Horry County Schools officials to study educational practices in China

vgrooms@thesunnews.comOctober 10, 2012 

Four Horry County Schools officials will head to China next month as part of a program where they will learn about the country’s educational system while establishing connections meant to reach into local classrooms.

Superintendent Cindy Elsberry, school board members Harvey Eisner and Karen McIlrath, and Melissa Schamel, district coordinator of English for Speakers of Other Languages, will travel Nov. 7-15 as part of the 2012 Chinese Bridge Delegation, a group of K-12 and higher education leaders from around the country who will be guests at China’s Hanban Institute. The program is designed to help educators start or strengthen their own Chinese programs and partnerships.

“Our vision in Horry County Schools is to prepare our students to be competitive beyond South Carolina and to be able to compete around the nation,” said Elsberry, who said learning a second language, as they do in other countries, gives students another advantage. “We’re becoming a global society, and we must understand the competition.”

Elsberry said her interest in China began when district leadership teams studied the country’s educational initiatives, but it was further piqued last fall when she and other district officials heard Yong Zhao, author of “Catching Up or Leading the Way,” speak at a conference. She said Zhao compared education between China and the United States, and said the Chinese are interested in the creativity and imaginative thinking found in America.

There also have been local connections made with China through the Myrtle Beach City Council and Myrtle Beach Area Chamber of Commerce, Elsberry said, so it was logical to make a connection through the schools. She cited Microsoft statistics that say there are more children in China who are honors students than there are children in America.
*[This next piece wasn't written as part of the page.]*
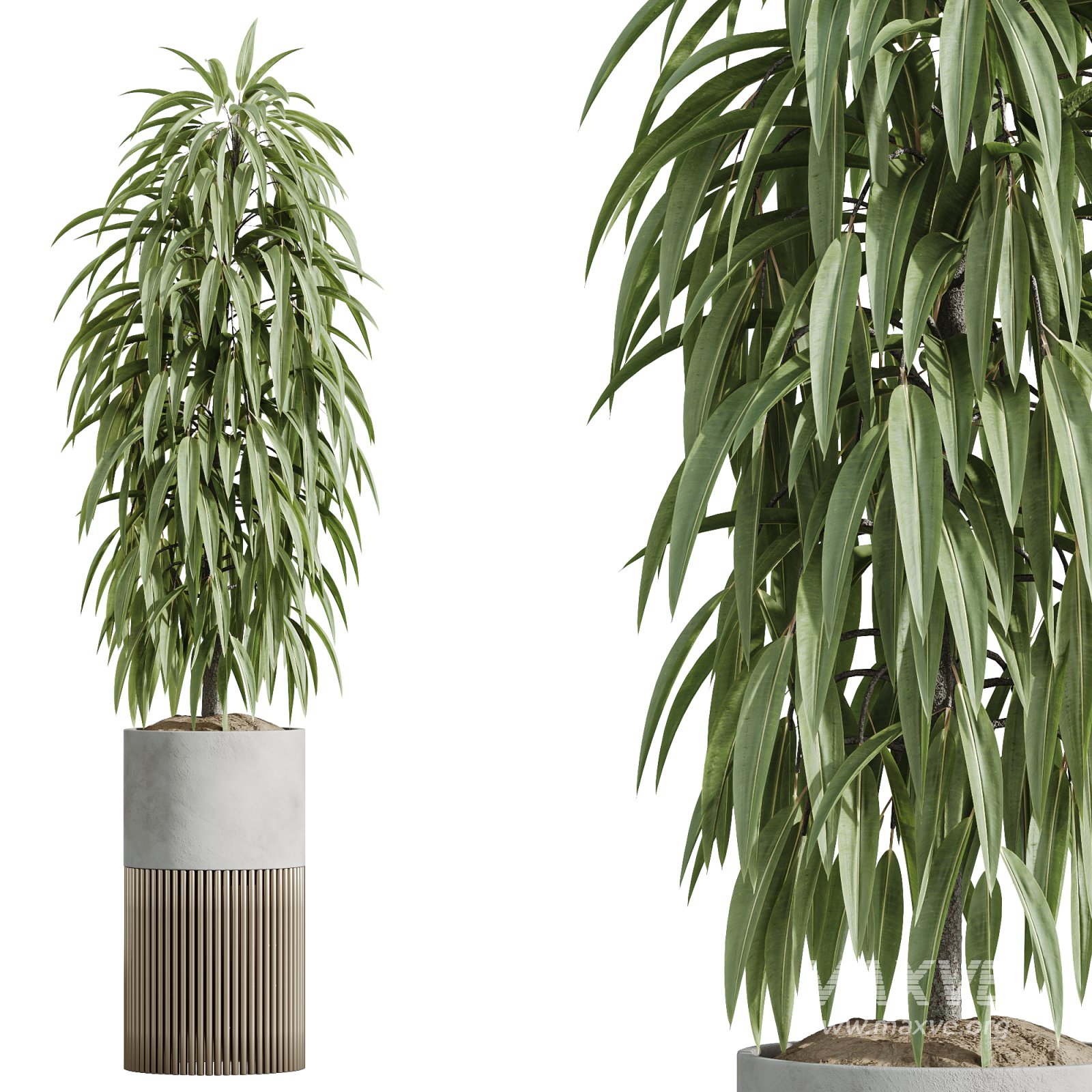 Planters are rendered in smooth and fluted concrete designs, some raised on metallic legs, creating elevation and elegance for gallery interiors, architectural lobbies, or premium residential scenes. Each plant is modeled with care for realism, from leaf structure to trunk silhouette, making the set a perfect fit for calm, design-conscious visualizations.
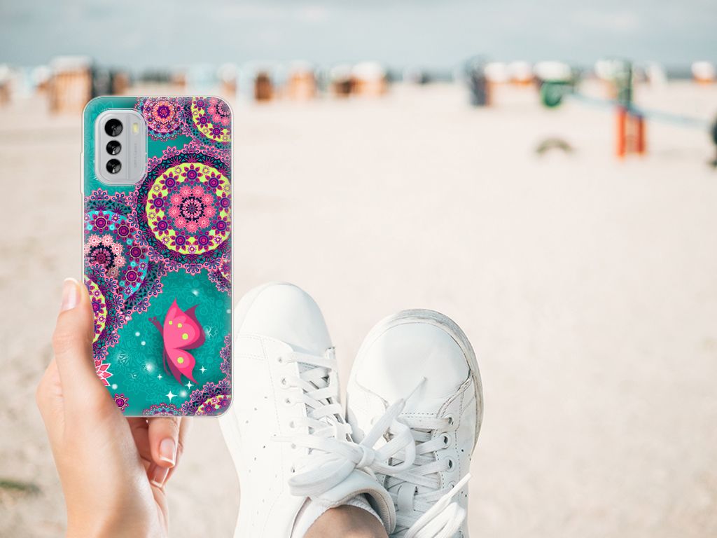 Deze opvallende Nokia G60 Hoesje maken met Cirkels en Vlinders is een ware eyecatcher. De meeste vlinders hebben een onopvallende vleugelkleur en dat kun je van de soort op dit hoesje ook zeker wel zeggen. Wij kunnen deze opvallende vlinders en cirkels op een zeer handige tpu case zetten. Deze hoesjes zijn gewild omwille hun flexibiliteit. Met onze geavanceerde printer zetten we de print van opvallende vlinders en cirkels op de achterkant van het hoesje. De case met vlinders en cirkels blijft aan de zijkanten doorzichtig, zodat je maximaal het design van je smartphone behoudt. Verder is je telefoon natuurlijk goed beschermd met deze tpu case met print van blauwe vlinders. De bovenkant wordt bedrukt, de zijkanten niet. Met een screenprotector bescherm je ook het scherm maximaal.

With that country moving toward being a world leader, she said it is beneficial to learn more about their system and the possibility of bringing Mandarin into schools in the district.

“What I want to see is their style of teaching and learning, what models they use, how they conduct their classrooms and how they are teaching critical thinking,” said Elsberry, who said she also is interested in the techniques used by Chinese math teachers, as well as how English is taught.

HCS students currently can study Spanish, French and German in school, and those languages, as well as Japanese, Mandarin and Latin, also are offered at various levels, including honors and advanced placement, through the state’s virtual offerings or those that the district is able to purchase from other virtual schools. Teal Britton, district spokeswoman, said virtual classes allow a small number of students – or even just one – to take a course even when there is not enough interest to justify adding a teaching position for a full class.

The group will fly into Beijing and will be able to visit sites such as the Forbidden City and the Great Wall of China. Participants also will be divided into smaller groups and dispersed to different areas of the country, where they will visit schools and talk with educators and students.

The cost for the trip is $900 per person for the nine-day stay, which covers everything – food, hotels, travel - except airfare to the departure point in New York. Altogether, the cost per person comes in under $1,300 each.

McIlrath, who represents District 2, grew up in San Francisco, which has the largest Chinese population outside China, and said she has visited the country twice, in 1985 with college students and professors, and in 2007 with her father. She said while her first trip showed her the stereotypical China, with everyone on bicycles wearing Chairman Mao uniforms, the scene was vastly different in 2007. She said Shanghai looked more like Los Angeles, with freeways and people chatting on cell phones, although much of the vast country is still extremely underdeveloped.

“It’s quite a country of contrasts,” McIlrath said. “To be a tourist and now go back as a guest of the country is so exciting.”

Elsberry said the group will be taking equipment so they can track their journeys via Google Maps, video at their different locations and conference to create a travel experience for students back home who are studying complementary lessons. She said she also expects technology to allow the partnerships they form in China to result in the same type of exchanges between Chinese classrooms and those in Horry County.

Elsberry said that while budget is always a consideration, she would eventually like to be able to go beyond the romance languages and offer classes in languages that are spoken by up-and-coming economic leaders, such as Mandarin, Hindi and Arabic, which would be valuable to students who want to enter politics, finance and technology. She said taking the International Baccalaureate programs, which are offered at Aynor and Socastee high schools, down through the middle and elementary school levels would also provide the opportunity for language immersion programs.

McIlrath said she is excited about what future partnerships could mean for area students, many of whom grow up in the county and have families that have never really moved past where their daily life takes them.

“When you grow up like that, you don’t think about life outside our county,” McIlrath said. “This could broaden minds and help students think, ‘What could I be missing that I want to know about?’ not just about China, but about the world and opportunities beyond our borders. If we play our cards right when we get back, the payoff for Horry County’s schools will be exponential.”